• What is needed: Return exactly the lines of the records below, starting at the line that contains "Цвет: Синий Фасон: Блузка" and ending at the line that contains "Row 3 Glass", with both of those lines kept.

• Input data:
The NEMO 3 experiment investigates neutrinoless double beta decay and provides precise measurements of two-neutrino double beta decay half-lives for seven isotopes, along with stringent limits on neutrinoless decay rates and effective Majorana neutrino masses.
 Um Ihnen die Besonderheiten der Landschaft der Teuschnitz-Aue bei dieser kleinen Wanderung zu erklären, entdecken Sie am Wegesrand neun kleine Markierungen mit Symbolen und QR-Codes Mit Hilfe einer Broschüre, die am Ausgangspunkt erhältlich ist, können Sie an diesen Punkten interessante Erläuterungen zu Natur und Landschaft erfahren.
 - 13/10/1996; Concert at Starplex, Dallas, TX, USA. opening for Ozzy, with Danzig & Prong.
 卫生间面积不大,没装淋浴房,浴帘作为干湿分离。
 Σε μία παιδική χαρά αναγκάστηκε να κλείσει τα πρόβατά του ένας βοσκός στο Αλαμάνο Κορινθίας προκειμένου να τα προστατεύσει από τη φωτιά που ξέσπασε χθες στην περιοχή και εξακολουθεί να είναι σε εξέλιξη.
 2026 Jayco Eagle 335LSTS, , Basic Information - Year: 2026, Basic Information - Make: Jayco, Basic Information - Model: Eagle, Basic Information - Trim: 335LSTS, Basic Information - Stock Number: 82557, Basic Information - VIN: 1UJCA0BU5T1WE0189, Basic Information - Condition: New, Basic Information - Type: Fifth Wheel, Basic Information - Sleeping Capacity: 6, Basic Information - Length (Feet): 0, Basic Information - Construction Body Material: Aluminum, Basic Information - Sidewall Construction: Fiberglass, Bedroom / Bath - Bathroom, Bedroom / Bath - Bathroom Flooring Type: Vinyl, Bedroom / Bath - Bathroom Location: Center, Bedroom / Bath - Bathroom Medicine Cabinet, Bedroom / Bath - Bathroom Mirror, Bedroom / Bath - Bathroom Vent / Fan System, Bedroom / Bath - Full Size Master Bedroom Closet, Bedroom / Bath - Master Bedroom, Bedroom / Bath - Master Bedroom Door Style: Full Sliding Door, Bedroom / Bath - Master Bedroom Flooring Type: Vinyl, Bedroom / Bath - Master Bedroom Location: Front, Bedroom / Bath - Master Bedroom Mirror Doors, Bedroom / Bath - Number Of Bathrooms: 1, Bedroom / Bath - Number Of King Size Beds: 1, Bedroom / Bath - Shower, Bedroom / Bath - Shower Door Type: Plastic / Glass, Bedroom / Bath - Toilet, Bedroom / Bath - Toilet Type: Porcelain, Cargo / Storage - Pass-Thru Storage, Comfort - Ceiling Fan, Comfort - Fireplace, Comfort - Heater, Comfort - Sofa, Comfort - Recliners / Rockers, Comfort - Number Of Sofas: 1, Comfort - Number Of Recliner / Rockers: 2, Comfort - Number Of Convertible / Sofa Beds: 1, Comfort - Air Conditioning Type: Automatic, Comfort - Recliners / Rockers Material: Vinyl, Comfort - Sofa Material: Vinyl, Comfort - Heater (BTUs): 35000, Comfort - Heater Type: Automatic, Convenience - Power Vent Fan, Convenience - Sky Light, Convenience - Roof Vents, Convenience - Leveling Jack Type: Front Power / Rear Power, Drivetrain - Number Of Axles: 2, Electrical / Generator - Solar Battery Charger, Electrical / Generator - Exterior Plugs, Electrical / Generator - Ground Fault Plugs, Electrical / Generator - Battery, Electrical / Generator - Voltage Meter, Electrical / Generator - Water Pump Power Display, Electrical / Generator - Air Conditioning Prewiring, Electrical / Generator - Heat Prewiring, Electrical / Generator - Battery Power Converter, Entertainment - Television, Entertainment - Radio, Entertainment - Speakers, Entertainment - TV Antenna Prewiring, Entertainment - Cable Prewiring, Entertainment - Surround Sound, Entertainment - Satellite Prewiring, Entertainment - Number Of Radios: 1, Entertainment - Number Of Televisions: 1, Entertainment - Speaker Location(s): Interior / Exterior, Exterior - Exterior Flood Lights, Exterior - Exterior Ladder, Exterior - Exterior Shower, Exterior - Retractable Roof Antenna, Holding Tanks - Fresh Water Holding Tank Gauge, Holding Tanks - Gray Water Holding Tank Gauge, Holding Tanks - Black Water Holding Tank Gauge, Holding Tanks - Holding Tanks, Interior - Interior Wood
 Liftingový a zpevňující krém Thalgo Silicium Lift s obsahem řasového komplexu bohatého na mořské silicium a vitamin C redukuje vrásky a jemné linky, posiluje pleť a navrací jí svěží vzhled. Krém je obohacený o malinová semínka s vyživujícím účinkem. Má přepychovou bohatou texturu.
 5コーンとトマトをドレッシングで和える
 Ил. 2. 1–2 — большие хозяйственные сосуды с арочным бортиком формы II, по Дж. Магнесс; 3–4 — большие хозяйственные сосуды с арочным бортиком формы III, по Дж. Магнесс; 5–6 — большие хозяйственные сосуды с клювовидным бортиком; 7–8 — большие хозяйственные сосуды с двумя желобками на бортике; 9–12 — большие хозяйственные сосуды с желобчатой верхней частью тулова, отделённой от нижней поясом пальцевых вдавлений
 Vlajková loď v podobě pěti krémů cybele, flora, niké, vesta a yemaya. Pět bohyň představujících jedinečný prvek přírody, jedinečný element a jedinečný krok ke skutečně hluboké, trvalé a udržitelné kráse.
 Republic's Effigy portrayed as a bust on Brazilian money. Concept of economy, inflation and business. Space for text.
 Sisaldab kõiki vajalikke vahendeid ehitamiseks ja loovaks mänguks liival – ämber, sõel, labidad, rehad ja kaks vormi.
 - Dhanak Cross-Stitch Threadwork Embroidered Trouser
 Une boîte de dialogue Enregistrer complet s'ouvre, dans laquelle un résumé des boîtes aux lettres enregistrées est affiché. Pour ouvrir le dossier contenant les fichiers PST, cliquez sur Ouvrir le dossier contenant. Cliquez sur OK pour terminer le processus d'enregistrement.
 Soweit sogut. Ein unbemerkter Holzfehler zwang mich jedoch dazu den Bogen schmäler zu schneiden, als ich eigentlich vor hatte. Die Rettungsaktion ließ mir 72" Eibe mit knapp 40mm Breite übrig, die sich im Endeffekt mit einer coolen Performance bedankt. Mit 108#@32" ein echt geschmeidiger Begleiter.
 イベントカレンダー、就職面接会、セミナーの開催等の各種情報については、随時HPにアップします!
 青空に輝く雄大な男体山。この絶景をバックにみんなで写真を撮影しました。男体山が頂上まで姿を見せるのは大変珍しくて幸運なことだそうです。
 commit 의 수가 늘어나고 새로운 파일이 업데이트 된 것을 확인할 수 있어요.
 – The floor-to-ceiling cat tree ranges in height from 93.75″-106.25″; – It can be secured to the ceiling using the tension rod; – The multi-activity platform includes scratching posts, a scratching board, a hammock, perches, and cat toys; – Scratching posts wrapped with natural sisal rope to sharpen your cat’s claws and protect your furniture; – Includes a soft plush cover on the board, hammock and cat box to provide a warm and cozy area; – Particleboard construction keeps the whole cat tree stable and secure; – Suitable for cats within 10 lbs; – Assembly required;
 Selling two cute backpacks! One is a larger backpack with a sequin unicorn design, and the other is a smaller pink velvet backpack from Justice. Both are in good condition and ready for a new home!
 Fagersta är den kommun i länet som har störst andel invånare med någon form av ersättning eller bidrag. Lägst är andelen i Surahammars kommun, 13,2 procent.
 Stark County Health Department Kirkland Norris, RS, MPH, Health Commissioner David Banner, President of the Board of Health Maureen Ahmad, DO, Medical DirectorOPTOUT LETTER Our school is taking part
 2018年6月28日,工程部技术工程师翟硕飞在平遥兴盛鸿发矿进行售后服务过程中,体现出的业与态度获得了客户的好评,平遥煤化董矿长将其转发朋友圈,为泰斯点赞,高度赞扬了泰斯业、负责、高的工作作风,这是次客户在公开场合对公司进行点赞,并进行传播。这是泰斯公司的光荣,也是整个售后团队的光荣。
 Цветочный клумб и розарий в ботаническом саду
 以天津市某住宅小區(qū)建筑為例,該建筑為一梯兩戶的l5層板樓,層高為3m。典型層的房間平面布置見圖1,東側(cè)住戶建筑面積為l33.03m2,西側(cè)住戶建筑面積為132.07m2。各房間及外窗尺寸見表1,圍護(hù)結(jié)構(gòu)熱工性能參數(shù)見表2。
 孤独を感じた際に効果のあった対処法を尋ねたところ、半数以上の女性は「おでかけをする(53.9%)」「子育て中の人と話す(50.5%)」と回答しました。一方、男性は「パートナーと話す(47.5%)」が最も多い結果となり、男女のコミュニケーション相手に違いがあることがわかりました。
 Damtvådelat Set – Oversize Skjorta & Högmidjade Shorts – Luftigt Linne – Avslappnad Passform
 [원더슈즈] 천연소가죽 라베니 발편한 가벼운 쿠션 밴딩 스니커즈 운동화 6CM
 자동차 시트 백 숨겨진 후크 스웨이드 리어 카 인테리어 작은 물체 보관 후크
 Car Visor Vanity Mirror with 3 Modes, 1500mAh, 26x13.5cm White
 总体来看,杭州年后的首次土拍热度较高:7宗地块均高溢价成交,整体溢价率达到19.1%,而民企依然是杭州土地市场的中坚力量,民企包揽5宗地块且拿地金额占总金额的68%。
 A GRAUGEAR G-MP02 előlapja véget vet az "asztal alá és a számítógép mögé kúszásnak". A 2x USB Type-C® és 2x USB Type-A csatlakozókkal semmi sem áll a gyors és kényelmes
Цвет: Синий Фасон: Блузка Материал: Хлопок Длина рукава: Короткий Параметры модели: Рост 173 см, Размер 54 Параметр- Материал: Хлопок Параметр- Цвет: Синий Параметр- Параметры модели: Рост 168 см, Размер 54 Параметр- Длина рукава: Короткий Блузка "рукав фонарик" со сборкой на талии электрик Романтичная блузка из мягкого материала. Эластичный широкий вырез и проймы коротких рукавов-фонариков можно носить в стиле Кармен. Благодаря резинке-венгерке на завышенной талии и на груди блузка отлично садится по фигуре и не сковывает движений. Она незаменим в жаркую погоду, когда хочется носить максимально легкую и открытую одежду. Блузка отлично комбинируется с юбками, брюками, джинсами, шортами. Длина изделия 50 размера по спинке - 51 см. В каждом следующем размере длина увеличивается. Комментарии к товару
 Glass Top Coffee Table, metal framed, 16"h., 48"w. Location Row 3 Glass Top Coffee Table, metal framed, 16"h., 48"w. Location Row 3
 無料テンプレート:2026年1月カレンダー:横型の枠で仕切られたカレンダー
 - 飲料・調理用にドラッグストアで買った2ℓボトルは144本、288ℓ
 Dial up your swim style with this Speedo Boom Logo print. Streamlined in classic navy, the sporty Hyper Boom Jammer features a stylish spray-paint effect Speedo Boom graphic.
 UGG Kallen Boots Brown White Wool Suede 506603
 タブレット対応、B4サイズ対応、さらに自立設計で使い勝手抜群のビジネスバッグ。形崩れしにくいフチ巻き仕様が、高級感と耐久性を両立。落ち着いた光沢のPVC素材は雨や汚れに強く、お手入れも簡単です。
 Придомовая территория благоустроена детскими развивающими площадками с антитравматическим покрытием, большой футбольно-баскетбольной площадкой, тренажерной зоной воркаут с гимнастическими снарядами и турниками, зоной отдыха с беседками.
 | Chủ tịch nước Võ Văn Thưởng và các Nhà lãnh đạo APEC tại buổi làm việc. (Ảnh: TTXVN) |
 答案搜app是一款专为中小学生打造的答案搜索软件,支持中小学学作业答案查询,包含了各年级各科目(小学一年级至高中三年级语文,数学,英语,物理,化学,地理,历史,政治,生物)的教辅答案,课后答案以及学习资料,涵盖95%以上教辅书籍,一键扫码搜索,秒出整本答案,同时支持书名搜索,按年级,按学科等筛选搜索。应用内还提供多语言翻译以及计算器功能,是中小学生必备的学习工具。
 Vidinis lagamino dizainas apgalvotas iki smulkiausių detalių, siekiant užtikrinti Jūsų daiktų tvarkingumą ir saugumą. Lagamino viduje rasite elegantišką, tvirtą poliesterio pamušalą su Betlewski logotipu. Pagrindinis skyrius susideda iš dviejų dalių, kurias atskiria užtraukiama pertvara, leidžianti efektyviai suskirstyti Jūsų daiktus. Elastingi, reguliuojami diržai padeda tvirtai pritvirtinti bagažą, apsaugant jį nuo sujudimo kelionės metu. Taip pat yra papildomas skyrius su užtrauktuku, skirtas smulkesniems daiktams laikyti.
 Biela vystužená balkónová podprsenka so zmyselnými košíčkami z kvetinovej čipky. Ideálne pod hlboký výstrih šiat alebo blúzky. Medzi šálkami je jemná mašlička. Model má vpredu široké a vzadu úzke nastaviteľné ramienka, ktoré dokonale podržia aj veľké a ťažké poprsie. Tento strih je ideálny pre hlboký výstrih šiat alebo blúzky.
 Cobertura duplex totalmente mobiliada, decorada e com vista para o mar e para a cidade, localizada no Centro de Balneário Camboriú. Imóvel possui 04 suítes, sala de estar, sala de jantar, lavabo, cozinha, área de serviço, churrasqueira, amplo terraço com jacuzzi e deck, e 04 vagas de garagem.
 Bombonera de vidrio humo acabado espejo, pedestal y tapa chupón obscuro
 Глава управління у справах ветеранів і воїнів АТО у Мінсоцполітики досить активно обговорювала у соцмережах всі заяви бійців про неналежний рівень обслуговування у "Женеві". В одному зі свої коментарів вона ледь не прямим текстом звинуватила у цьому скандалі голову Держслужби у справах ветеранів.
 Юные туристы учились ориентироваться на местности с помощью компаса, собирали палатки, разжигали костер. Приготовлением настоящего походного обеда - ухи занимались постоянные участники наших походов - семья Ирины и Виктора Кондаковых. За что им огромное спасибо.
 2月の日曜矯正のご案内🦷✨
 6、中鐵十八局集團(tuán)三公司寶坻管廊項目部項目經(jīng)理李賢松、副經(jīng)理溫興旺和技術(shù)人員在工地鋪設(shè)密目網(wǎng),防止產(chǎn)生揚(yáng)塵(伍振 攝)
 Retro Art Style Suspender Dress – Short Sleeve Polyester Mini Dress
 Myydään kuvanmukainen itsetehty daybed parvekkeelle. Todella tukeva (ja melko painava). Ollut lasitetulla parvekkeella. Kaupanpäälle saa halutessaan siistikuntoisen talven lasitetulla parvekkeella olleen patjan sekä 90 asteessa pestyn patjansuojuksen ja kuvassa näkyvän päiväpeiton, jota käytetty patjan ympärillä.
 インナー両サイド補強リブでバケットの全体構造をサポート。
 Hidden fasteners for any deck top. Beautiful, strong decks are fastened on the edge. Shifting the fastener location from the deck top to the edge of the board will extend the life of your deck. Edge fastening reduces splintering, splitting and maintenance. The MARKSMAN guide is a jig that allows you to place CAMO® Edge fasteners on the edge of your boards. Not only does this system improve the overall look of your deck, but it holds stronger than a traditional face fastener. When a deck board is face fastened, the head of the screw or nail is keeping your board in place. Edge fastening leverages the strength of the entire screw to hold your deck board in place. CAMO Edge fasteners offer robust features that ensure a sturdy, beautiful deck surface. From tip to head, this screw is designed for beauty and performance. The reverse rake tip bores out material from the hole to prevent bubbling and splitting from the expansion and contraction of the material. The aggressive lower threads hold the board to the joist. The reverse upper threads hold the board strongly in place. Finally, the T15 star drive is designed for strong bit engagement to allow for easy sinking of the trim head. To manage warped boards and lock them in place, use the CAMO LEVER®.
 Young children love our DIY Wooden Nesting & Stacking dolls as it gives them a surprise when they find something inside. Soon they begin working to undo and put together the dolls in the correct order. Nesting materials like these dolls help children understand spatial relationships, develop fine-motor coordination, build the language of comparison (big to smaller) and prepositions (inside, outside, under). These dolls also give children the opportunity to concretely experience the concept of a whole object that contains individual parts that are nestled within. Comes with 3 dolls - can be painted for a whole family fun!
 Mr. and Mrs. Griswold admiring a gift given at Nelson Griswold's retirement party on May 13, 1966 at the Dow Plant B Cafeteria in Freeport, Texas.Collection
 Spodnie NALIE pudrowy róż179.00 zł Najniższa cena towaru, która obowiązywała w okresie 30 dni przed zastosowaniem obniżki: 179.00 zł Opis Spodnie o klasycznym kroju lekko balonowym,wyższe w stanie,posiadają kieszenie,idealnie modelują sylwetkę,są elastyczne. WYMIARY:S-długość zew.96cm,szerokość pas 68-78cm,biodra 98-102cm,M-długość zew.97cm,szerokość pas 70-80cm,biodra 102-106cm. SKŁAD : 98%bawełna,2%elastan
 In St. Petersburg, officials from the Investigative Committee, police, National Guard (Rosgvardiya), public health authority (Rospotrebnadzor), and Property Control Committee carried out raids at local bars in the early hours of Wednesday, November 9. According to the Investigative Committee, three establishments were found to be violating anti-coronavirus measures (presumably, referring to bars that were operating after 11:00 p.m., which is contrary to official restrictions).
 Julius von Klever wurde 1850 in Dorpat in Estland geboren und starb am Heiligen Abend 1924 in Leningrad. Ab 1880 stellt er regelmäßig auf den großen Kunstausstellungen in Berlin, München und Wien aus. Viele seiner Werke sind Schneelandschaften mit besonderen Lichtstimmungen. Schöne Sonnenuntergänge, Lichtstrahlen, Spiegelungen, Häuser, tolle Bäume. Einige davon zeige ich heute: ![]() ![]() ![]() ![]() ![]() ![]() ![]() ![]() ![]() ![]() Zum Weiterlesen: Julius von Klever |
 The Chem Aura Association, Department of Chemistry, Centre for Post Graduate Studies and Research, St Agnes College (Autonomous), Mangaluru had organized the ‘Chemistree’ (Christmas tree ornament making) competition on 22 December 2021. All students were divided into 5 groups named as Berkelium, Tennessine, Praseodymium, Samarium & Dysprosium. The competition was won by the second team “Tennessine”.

• Task response:
Цвет: Синий Фасон: Блузка Материал: Хлопок Длина рукава: Короткий Параметры модели: Рост 173 см, Размер 54 Параметр- Материал: Хлопок Параметр- Цвет: Синий Параметр- Параметры модели: Рост 168 см, Размер 54 Параметр- Длина рукава: Короткий Блузка "рукав фонарик" со сборкой на талии электрик Романтичная блузка из мягкого материала. Эластичный широкий вырез и проймы коротких рукавов-фонариков можно носить в стиле Кармен. Благодаря резинке-венгерке на завышенной талии и на груди блузка отлично садится по фигуре и не сковывает движений. Она незаменим в жаркую погоду, когда хочется носить максимально легкую и открытую одежду. Блузка отлично комбинируется с юбками, брюками, джинсами, шортами. Длина изделия 50 размера по спинке - 51 см. В каждом следующем размере длина увеличивается. Комментарии к товару
 Glass Top Coffee Table, metal framed, 16"h., 48"w. Location Row 3 Glass Top Coffee Table, metal framed, 16"h., 48"w. Location Row 3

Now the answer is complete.